Das absurde Vorhaben reformistischer Kräfte wie SozialdemokratInnen (PS), "KommunistInnen" (PCF), GewerkschaftsbürokratInnen und StudentInnengewerkschaften, die Proteste auf das CPE zu beschränken, war spätestens nach der Fusion Suez-GDF nicht mehr haltbar. Dennoch dominierte das Thema die Proteste und SchülerInnen und StudentInnen führten die verschiedenen Demonstrationszüge an. Sie sind es, die unmittelbar von der neuen Regelung bedroht sind. Ein unsicherer Arbeitsplatz bedeutet nicht zuletzt die Unmöglichkeit von Zukunftsplänen: Keine Bank wird CPE-Vertragsbeschäftigten Kredite genehmigen, der Traum einer Wohnmöglichkeit in der Nähe der Arbeitsstelle zerplatzt wie eine Seifenblase an den hohen Mietpreisen in den Großstädten und an VermieterInnen, die Wohnmöglichkeiten an die Bedingung einer festen Anstellung oder die Unterschrift reicher BürgInnen binden.
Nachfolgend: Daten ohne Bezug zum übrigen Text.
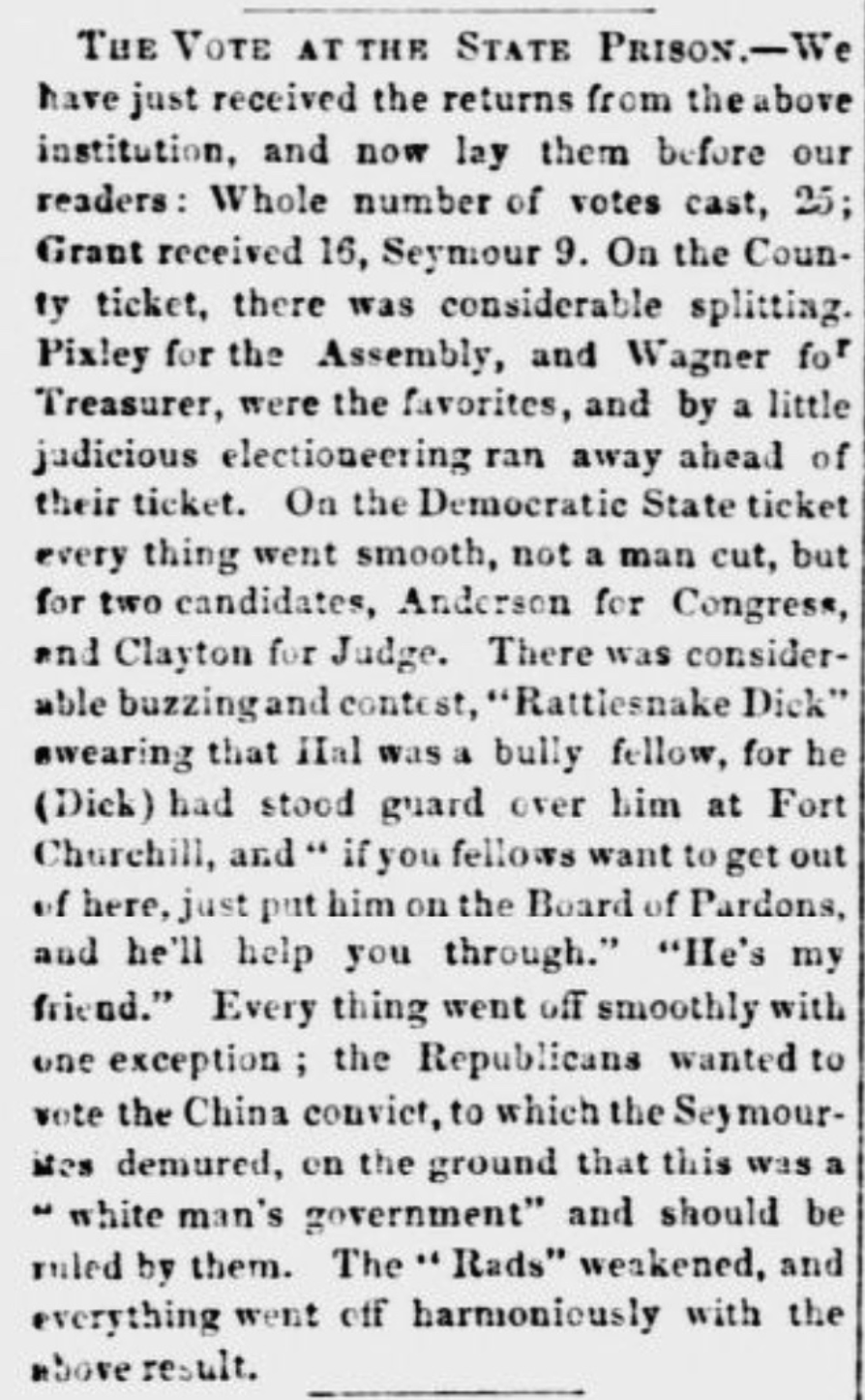 Yes. Yeah, 1864 was right in the middle of it, and Grant ends up winning, obviously, but he wins Nevada with 55% of the vote. What I found is the Carson Daily appeal reported on November 7th, 1868. They were reporting the votes cast from the prison. What I found is that there were 25 votes cast, grant received 16. Seymour received nine and Rattlesnake. Dick was asking his fellow inmates to vote for Anderson for Congress, and Clayton for judge. Couldn’t find much on these people except that they both lost. But Rattlesnake Dick swore that he and Clayton were very tight and Dick had stood guard over him at Fort Churchill and he was quoted as saying, “if you fellows want to get out of here, just put him on the board of Pardons and he’ll help you through. He’s my friend”.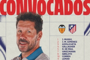 體育資訊2月22日訊 本周日凌晨西甲第25輪,馬競客場對陣瓦倫西亞。賽前,馬競公布了本場比賽大名單,上輪染紅的巴里奧斯停賽缺席,科克因傷缺席。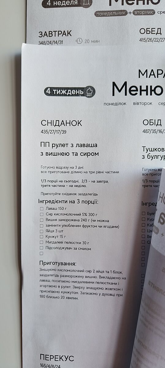 Я теж зараз займаюсь собою. Беру все найтяжче на ранок: тост висівковий (рідко) чи хлібець (намагаюсь без цього бути взагалі) і +яйця, овочі, политі оливковою олією, насіння, зелень, авокадо, замість солодощів - сухофрукти (4 фініка або інжира) до чаю/кави. Якщо не поспішаю, то обожнюю ще щось із свіжих фруктів на сніданок. Попереду цілий день, все переробиться на енергію. На обід риба або мʼясо з овочами і зеленню, якщо дуже хочеться, ложка-дві гречки чи чорного рису, рідко квасоля або чечевиця, гриби. На вечерю сир (творог) або з ягодами, або щось по типу грецького салату, або салат з консервованим тунцем чи печінкою тріски. Обовʼязково мати перекуси: злаковий чи фітнес батончик, горішки, ті ж сухофрукти чи дієтичні хлібці, морква помита і порізана, сельдерей, твердий сир на ура все заходить… головне не доводити себе до дефіциту харчування і дикого голоду, бо організм реагує, починає відкладати запаси, робити дефіцит не в жирі, а в мʼязах! Так ви не прийдете в норму. Памʼятайте про помірне пережовування, не заглотувати те, що взяли в судочку під компʼютер за 2 хв, робіть харчові паузи, їжте повільно!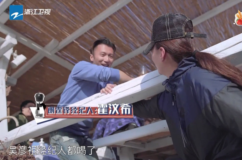 眼看吴彦祖让自己经纪人喝,谢霆锋也是拉着自己的经纪人霍汶希,让她品尝喝一杯。而霍汶希的表现更激烈,满脸的抗拒甚至都苦笑这逃到亭子下面去,坚决不要喝。最后,谢霆锋说人家吴彦祖经纪人都喝了时,霍汶希才勉强答应喝一小口。。。。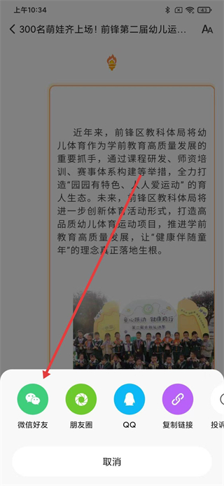 4、在資訊詳情頁點擊分享按鈕選擇微信好友朋友圈等渠道,也可選擇復制鏈接。

SchülerInnen und StudentInnen waren es auch, die seit dem ersten Aktionstag am 7. Februar (bei dem landesweit an die 300.000 Menschen auf der Straße waren) die Mobilisierung nicht abbrechen ließen. Und das, obwohl die französischen Schulen und Universitäten im Februar nacheinander (je nach Gebiet) Winterferien haben. Als in Paris beispielsweise die Ferien zu Ende waren, führten die dortigen StudentInnen den Protest weiter, der zuvor an Unis in Brest, Rennes, Lille, Toulouse oder Nantes begonnen wurden. Die Strategie der Regierung, StudentInnen betreffende Gesetze während den Ferien zu beschließen (kein typisch französisches Vorgehen wie wir aus Österreich wissen), ging somit nicht auf. Im Gegenteil: Am 6. März, dem Tag, an dem alle Schulen und Hochschulen den Betrieb wieder hätten aufnehmen sollen, waren 20 der 83 französischen Universitäten von StudentInnen besetzt. 38 Universitäten sind im Laufe des Monats in die Bewegung eingetreten. Die Generalversammlungen waren teilweise gerammelt voll. Durchschnittlich sah Frankreich im Februar keinen Tag ohne StudentInnendemonstrationen.

Die mediale Aufmerksamkeit war groß, als am Dienstagmorgen sogar die konservative, aber wegen des Mai '68 symbolträchtige, Université Sorbonne ihren Eintritt in die Bewegung ankündigte. Am Abend forderte die größte StudentInnenvertretung Udef alle Universitäten auf, in den Streik zu treten und die Mobilisierung fortzusetzen.

Protest gegen den CPE ist Protest gegen das kapitalistische System

Doch die Proteste können und dürfen nicht isoliert geführt werden. Es kann nicht genügen, dass Gewerkschaften zu Streik und Protesten an einzelnen Aktionstagen aufrufen, welche von den etablierten Parteien vor allem als Wahlwerbung benutzt werden. Wenn Erfolge wie 1986 und 1994 – als ähnliche Projekte der Regierung unter dem Druck der Straße zurückgezogen wurden – erreicht werden sollen, dann dürfen Frankreichs SchülerInnen, StudentInnen und ArbeiterInnen nicht auf reformistische PolitikerInnen vertrauen, die in der Vergangenheit selbst Privatisierungen und Sozialabbau (Fabius, Jospin) betrieben haben (und es auch in Zukunft zweifellos tun werden), oder auf GewerkschaftsbürokratInnen, die den kämpfenden ArbeiterInnen immer wieder in den Rücken gefallen sind. Nur ein gemeinsamer unbefristeter Generalstreik nagt am Profit jener, die die wirkliche Macht im Staat in den Händen halten. Es braucht eine revolutionäre ArbeiterInnenpartei, die die Interessen der Unterdrückten konsequent vertritt, ihre einzelnen Kämpfe bündelt und ihnen eine revolutionäre Stoßrichtung verleiht.

Diese muss die Zukunftssorgen der Jugendlichen ebenso wie die bestehenden Probleme der Beschäftigten bei jeder Gelegenheit thematisieren. Es geht nicht nur um einzelne Gesetze, nicht nur um einzelne Angriffe des Kapitals – das kapitalistische System als Ganzes muss in Frage gestellt werden. Denn De Villepin, der, wie er sagt, jene hört, "die demonstrieren, aber auch jene hört, die nicht demonstrieren" ist auf dem sozialem Ohr eindeutig taub. Er muss es sein, denn er hat eine hungrige Klientel zu bedienen, deren Appetit nicht nachlässt und nicht nachlassen kann solange sie sich ungeniert am reichhaltigen Buffet der Welt laben kann.